**PROVIDED DATA**

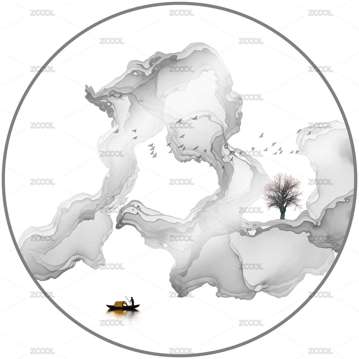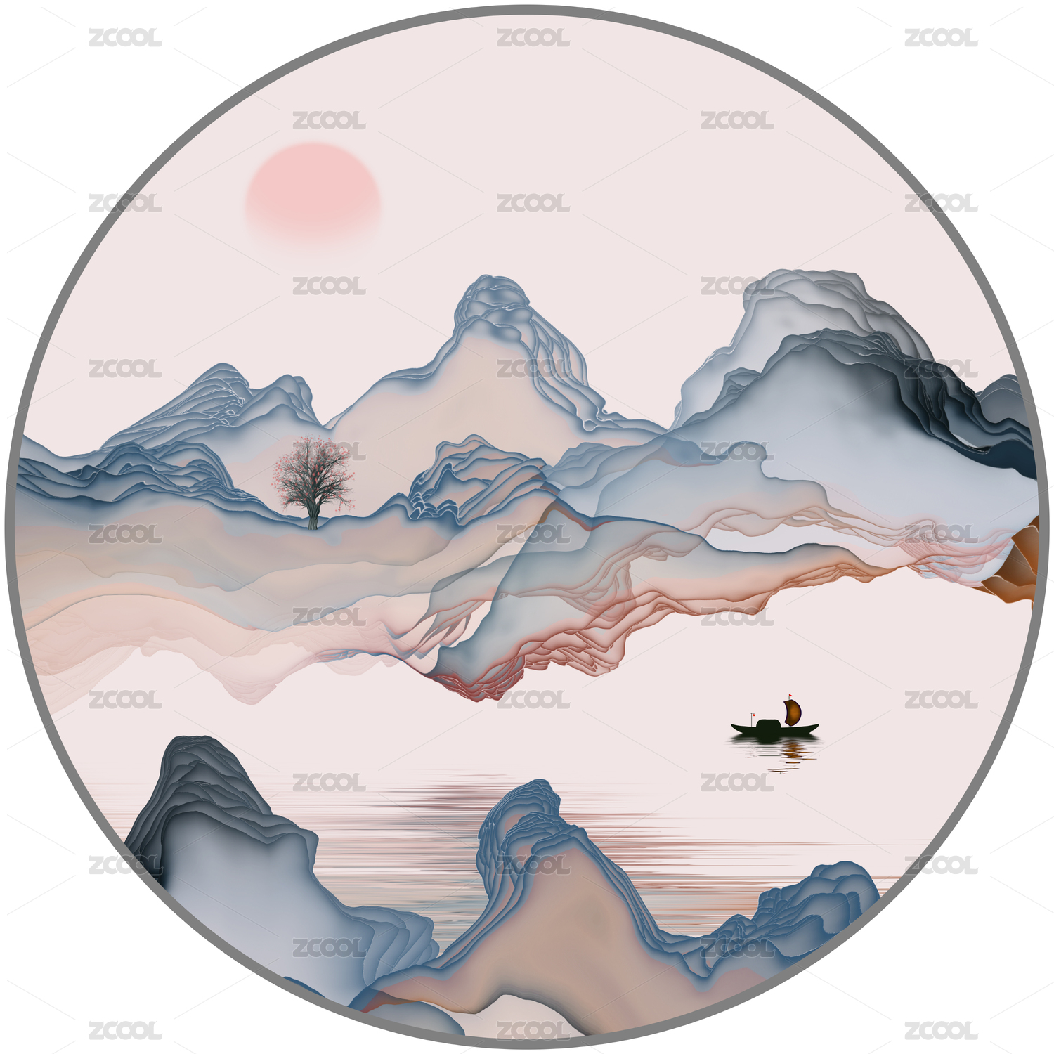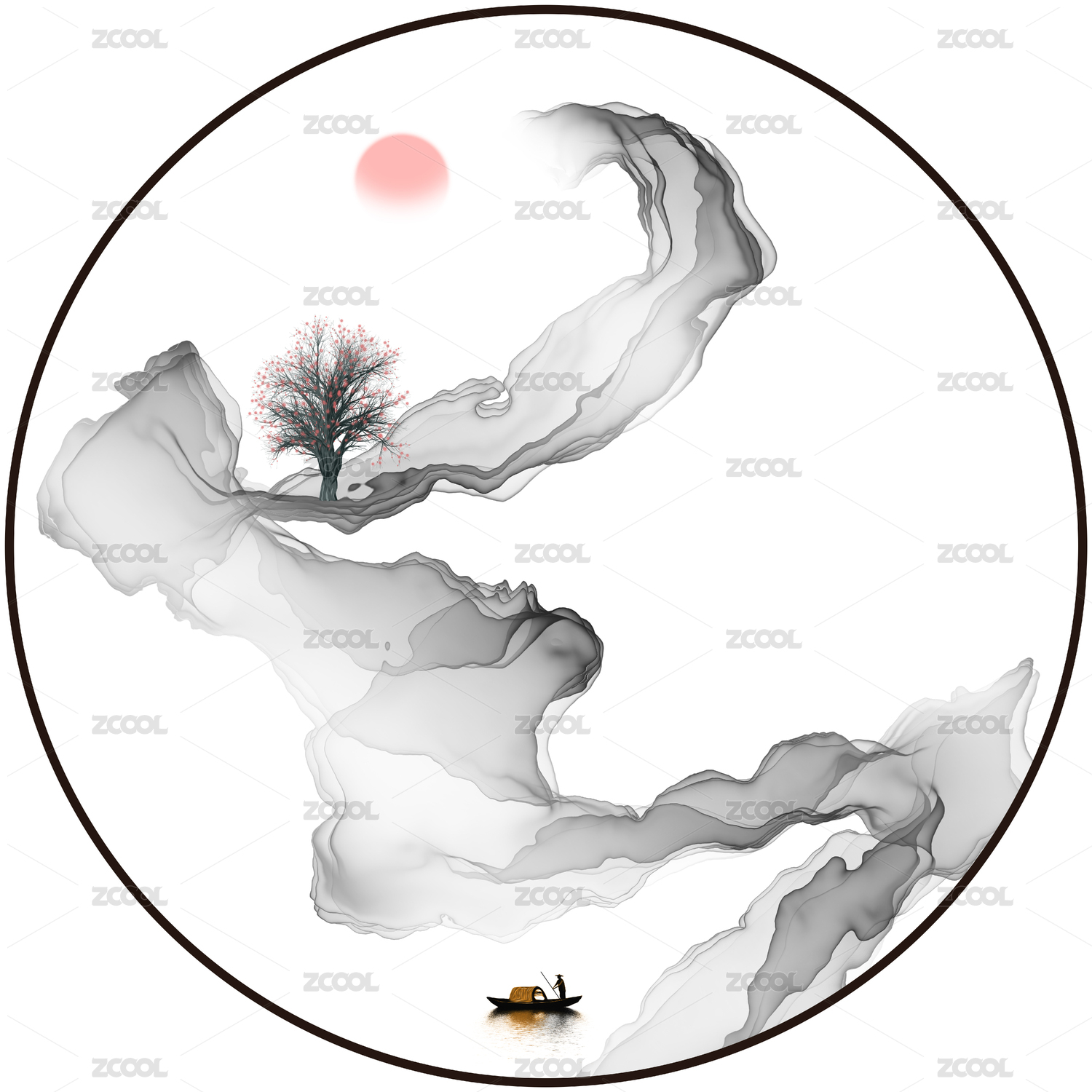 圆形水墨山水装饰画
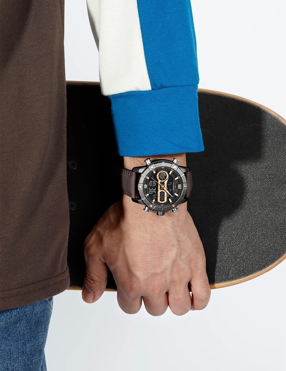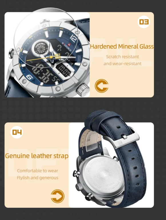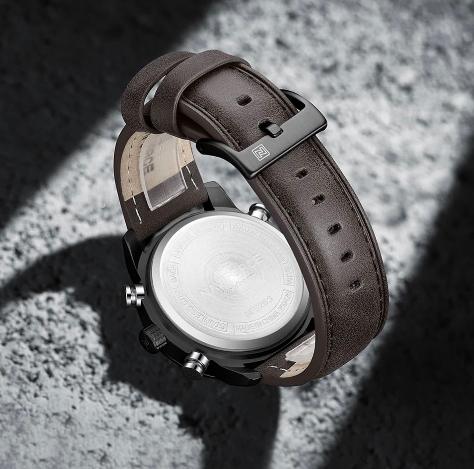 - Band Material Type: Leather Strap
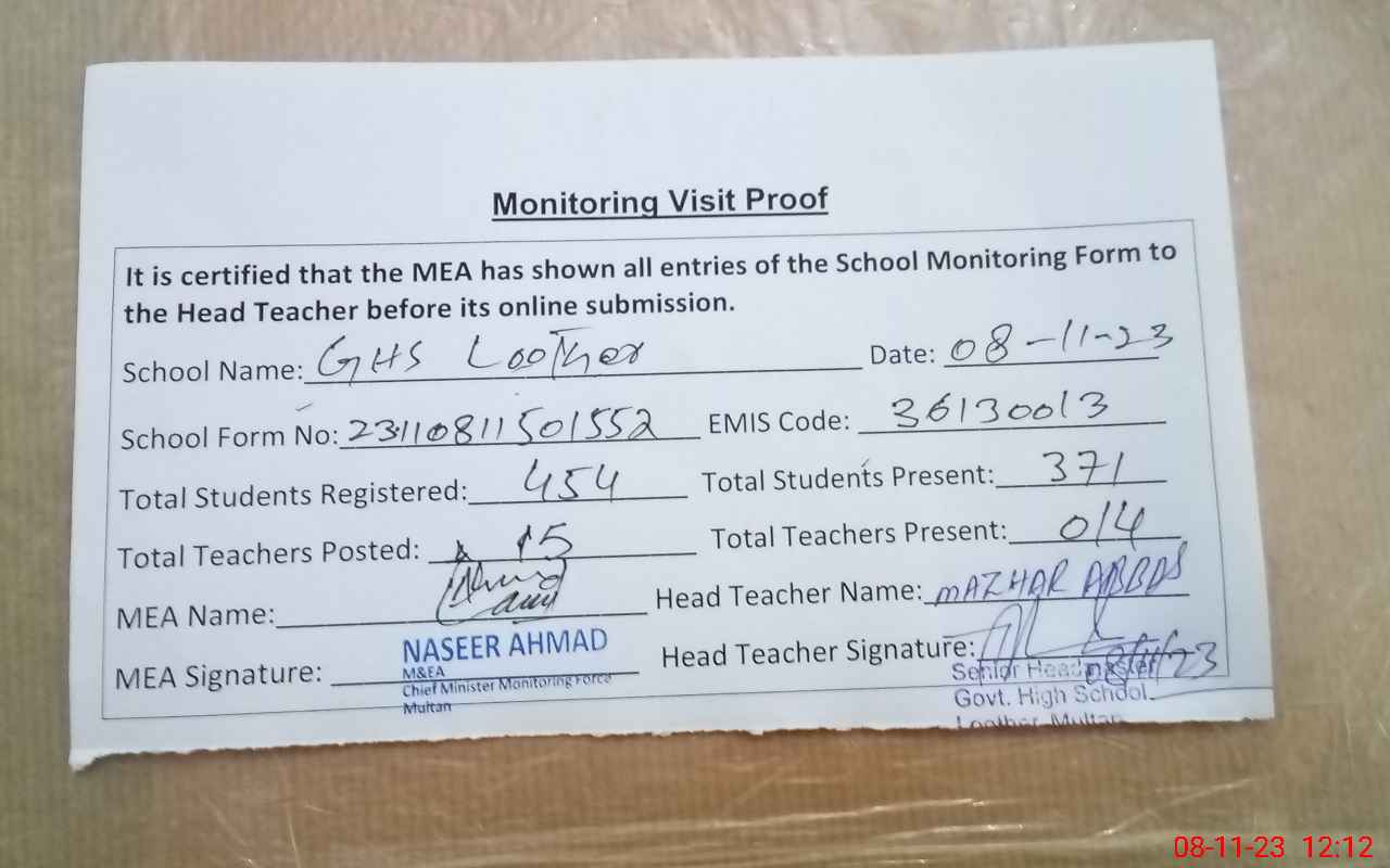 | EMIS Code: 36130013 | Name of School: GHS LOOTHER MULTAN | |||
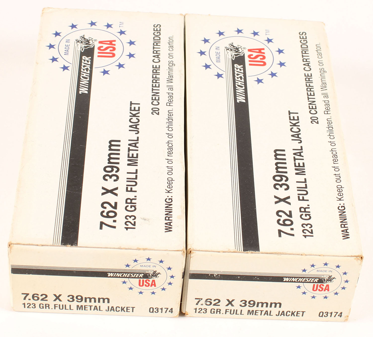 Winchester, Lot of (2), USA, 7.62 x 39mm, 123 Grain Full Metal Jacket, both boxes are full, solid with minty color, very minor corner wear, edges are crisp, end flaps are solid, ammo is minty. Grade: Excellent ++ - Value: 20 to 30

**PROBLEM DESCRIPTION**
Nothing but an exact copy of the data above, minus its pictures, should appear in the response.

**RESPONSE**
 圆形水墨山水装饰画
 - Band Material Type: Leather Strap
 | EMIS Code: 36130013 | Name of School: GHS LOOTHER MULTAN | |||
 Winchester, Lot of (2), USA, 7.62 x 39mm, 123 Grain Full Metal Jacket, both boxes are full, solid with minty color, very minor corner wear, edges are crisp, end flaps are solid, ammo is minty. Grade: Excellent ++ - Value: 20 to 30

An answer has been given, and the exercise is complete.